ENTRIES SUPPLIED
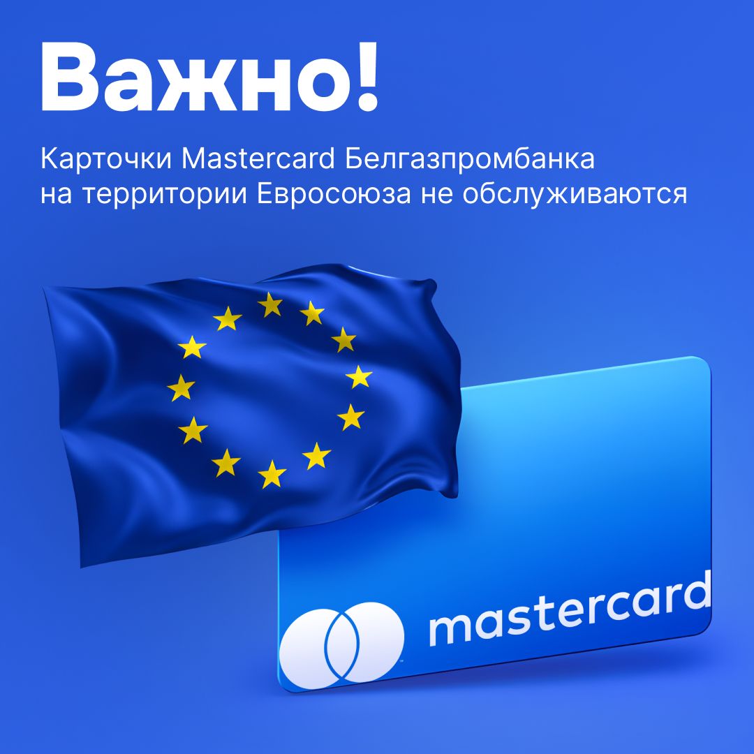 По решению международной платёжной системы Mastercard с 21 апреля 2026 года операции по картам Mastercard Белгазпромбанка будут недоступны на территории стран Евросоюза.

* * *

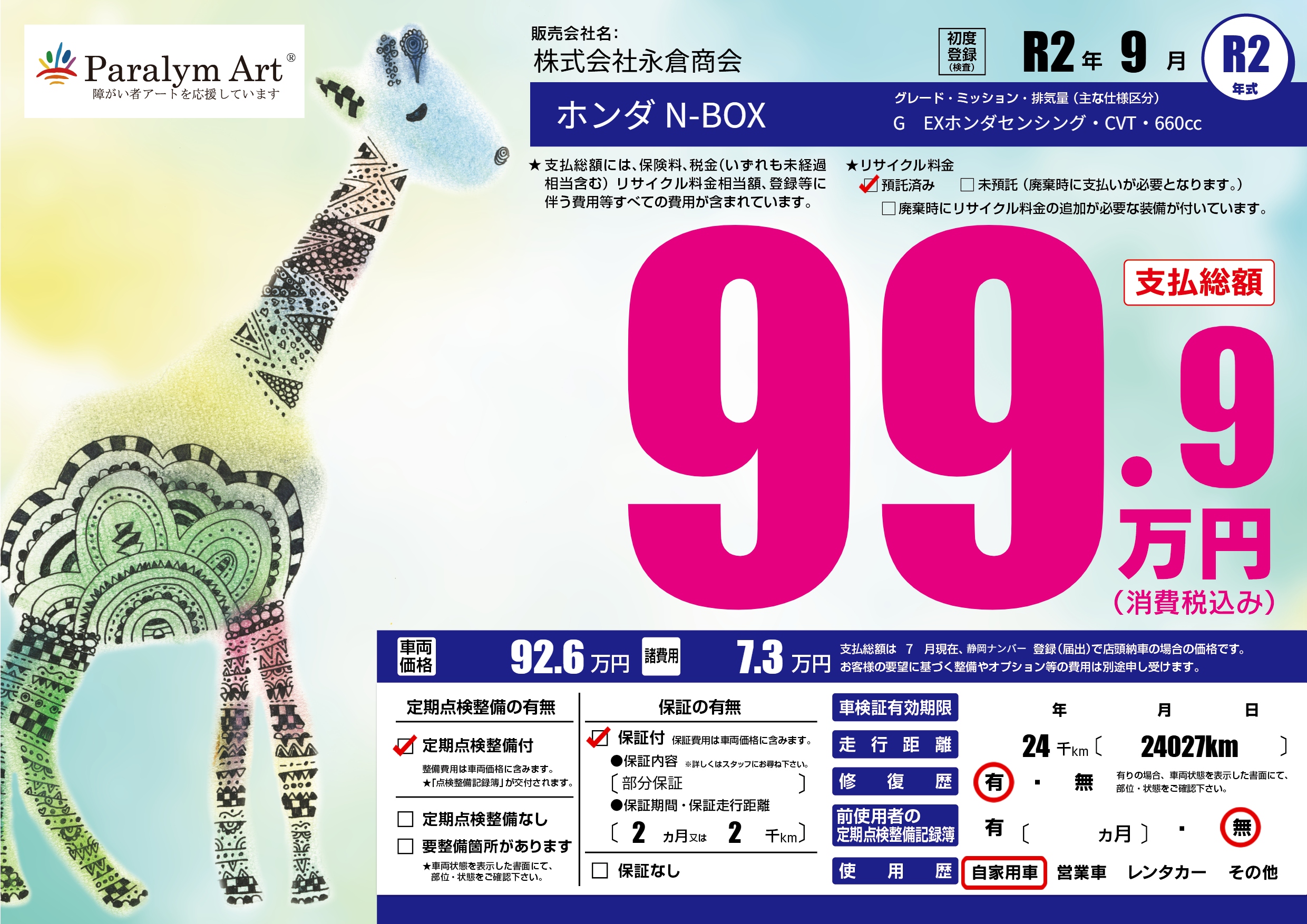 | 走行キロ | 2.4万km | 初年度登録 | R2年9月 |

* * *

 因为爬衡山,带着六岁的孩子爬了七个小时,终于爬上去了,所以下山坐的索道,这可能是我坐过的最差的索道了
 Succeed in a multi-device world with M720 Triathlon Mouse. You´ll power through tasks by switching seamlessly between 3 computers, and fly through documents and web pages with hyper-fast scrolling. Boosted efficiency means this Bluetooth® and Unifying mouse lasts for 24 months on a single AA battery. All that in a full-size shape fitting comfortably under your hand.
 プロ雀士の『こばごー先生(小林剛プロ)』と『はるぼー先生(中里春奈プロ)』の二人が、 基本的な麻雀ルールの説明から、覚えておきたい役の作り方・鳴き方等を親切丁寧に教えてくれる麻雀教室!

ABOUT THIS EXERCISE
Would you retype exactly the lines above, from the line with "因为爬衡山,带着六岁的孩子爬" to the line with "プロ雀士の『こばごー先生(小", with both end lines kept and nothing more?

EXPECTED OUTPUT
 因为爬衡山,带着六岁的孩子爬了七个小时,终于爬上去了,所以下山坐的索道,这可能是我坐过的最差的索道了
 Succeed in a multi-device world with M720 Triathlon Mouse. You´ll power through tasks by switching seamlessly between 3 computers, and fly through documents and web pages with hyper-fast scrolling. Boosted efficiency means this Bluetooth® and Unifying mouse lasts for 24 months on a single AA battery. All that in a full-size shape fitting comfortably under your hand.
 プロ雀士の『こばごー先生(小林剛プロ)』と『はるぼー先生(中里春奈プロ)』の二人が、 基本的な麻雀ルールの説明から、覚えておきたい役の作り方・鳴き方等を親切丁寧に教えてくれる麻雀教室!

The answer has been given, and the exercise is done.